Die Mittel aus dem IIJA werden je nach Programm oder Projekt von verschiedenen Bundesbehörden verwaltet. Da Strassen und Brücken den grössten Teil der Mittel ausmachen, hat das Verkehrsministerium (DOT) die grösste Aufsicht über die IIJA-Mittel, aber auch andere Behörden sind für verschiedene Infrastrukturprojekte zuständig:

  • Breitbandinfrastrukturprojekte werden von der Federal Communications Commission gefördert.
  • Die Wasserinfrastruktur, einschliesslich der Modernisierung von Trinkwasser- und Abwassersystemen, wird von der Environmental Protection Agency verwaltet.
  • Energiebezogene Projekte, darunter Ladestationen für Elektrofahrzeuge und die Modernisierung des nationalen Stromnetzes, werden vom Energieministerium geleitet.
  • Die Entwicklung regionaler Innovationsstrategien zur Förderung des Wirtschaftswachstums durch Innovation und Unternehmertum wird vom Handelsministerium beaufsichtigt.

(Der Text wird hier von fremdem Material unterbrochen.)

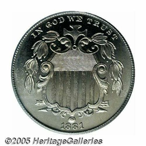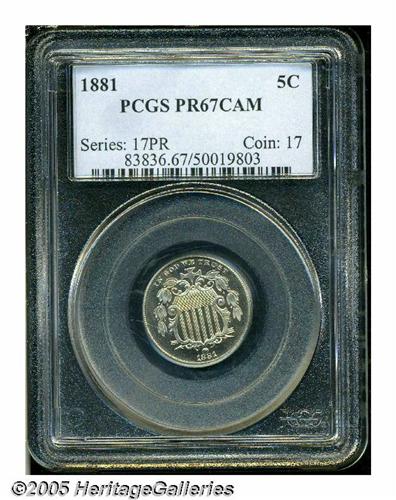 <B>1881<5C> PR67 Cameo PCGS.</B></I> Brilliant and deeply mirrored with sparkling surfaces and pronounced white-on-black contrast on each side. Essentially flawless, this is a Superb type coin in every regard. Population: 8 in 67 Cameo, 0 finer (4/05).<BR><I>From The Western Hills Collection.</B></I>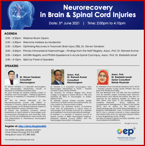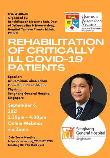 6 SEPTEMBER 2021![]() | CME Webinar – Collaboration with Rehabilitation Physician, Sengkang General Hospital, Singapore 6/9/2021 Topic: Rehabilitation of Critically Ill Covid-19 Patients |

Schweizer CEOs, Wirtschaftsführer und Unternehmen begrüssen den Plan von Präsident Biden und sehen ihn als eine langfristige Investitionsmöglichkeit. Im Artikel Swiss Direct Investment Supports U.S. Economy von The Business Report signalisiert Jan Jenisch, CEO von Holcim, dass die USA eine Priorität für die Eröffnung neuer Fabriken und neuer Produktlinien sind. Oerlikon ist ein weiteres Unternehmen, das die USA als einen wichtigen Markt ansieht.

Oerlikon weist eine Reihe von Investitionen in den USA auf; von einer 55 Millionen US-Dollar teuren Produktionsanlage in North Carolina bis hin zu einer 50 Millionen US-Dollar teuren Fertigungsanlage in Michigan. Oerlikon hat bereits 32 Niederlassungen und 1200 Mitarbeitende in den USA und hofft auf bi- und multilaterales Engagement, unter anderem bei den Themen Datenschutz und Steuern.

«Buy American» ist ebenfalls Teil des IIJAs und zielt darauf ab, die Verwendung von Waren, Produkten, Materialien und Dienstleistungen, die in den Vereinigten Staaten hergestellt oder erbracht werden, zu bevorzugen. Diese Bedingungen sind wichtig für öffentliche Ausschreibungen von Infrastrukturprojekten, die mit Bundesgeldern mitfinanziert werden. Neu fallen nicht nur Eisen, Stahl und Industriegüter unter die Regelung, sondern auch weitere Sektoren und Materialien wie nichteisenhaltige Metalle, Polymere, Fiberglas und Werkstoffe, die zum Beispiel im Holz- und Trockenbau Verwendung finden.

In Bau- und Elektrofahrzeugindustrien gab es diesbezüglich schon ersten Pushback und Forderungen nach Ausnahmen und Befreiungen. Argumentiert wird, dass die Unterbrechung der Versorgungskette durch die Pandemie die Kosten für Baumaterialien in die Höhe getrieben hat und die Liefertermine für Projekte und die Verfügbarkeit von Produkten unsicherer gemacht hat. Die vorgeschlagenen Standards werden vom Office of Management and Budget entwickelt und würden es den Bundesbehörden erlauben, in bestimmten Fällen auf die Beschaffungsanforderungen zu verzichten, wenn in den USA hergestellte Materialien nicht verfügbar sind oder die Kosten zu hoch sind.

Fazit

Obwohl die neue Gesetzgebung auf einigen Widerstand gestossen ist und auch noch nicht alle Hürden überwunden sind, sieht die US-Regierung sie als Schlüssel zur Förderung von Arbeitsplätzen und Wachstum in der amerikanischen Industrie. Schweizer Unternehmen sind bestens gerüstet, diese Chance zu nutzen und sind gut beraten, weiterhin auf Amerika zu setzen.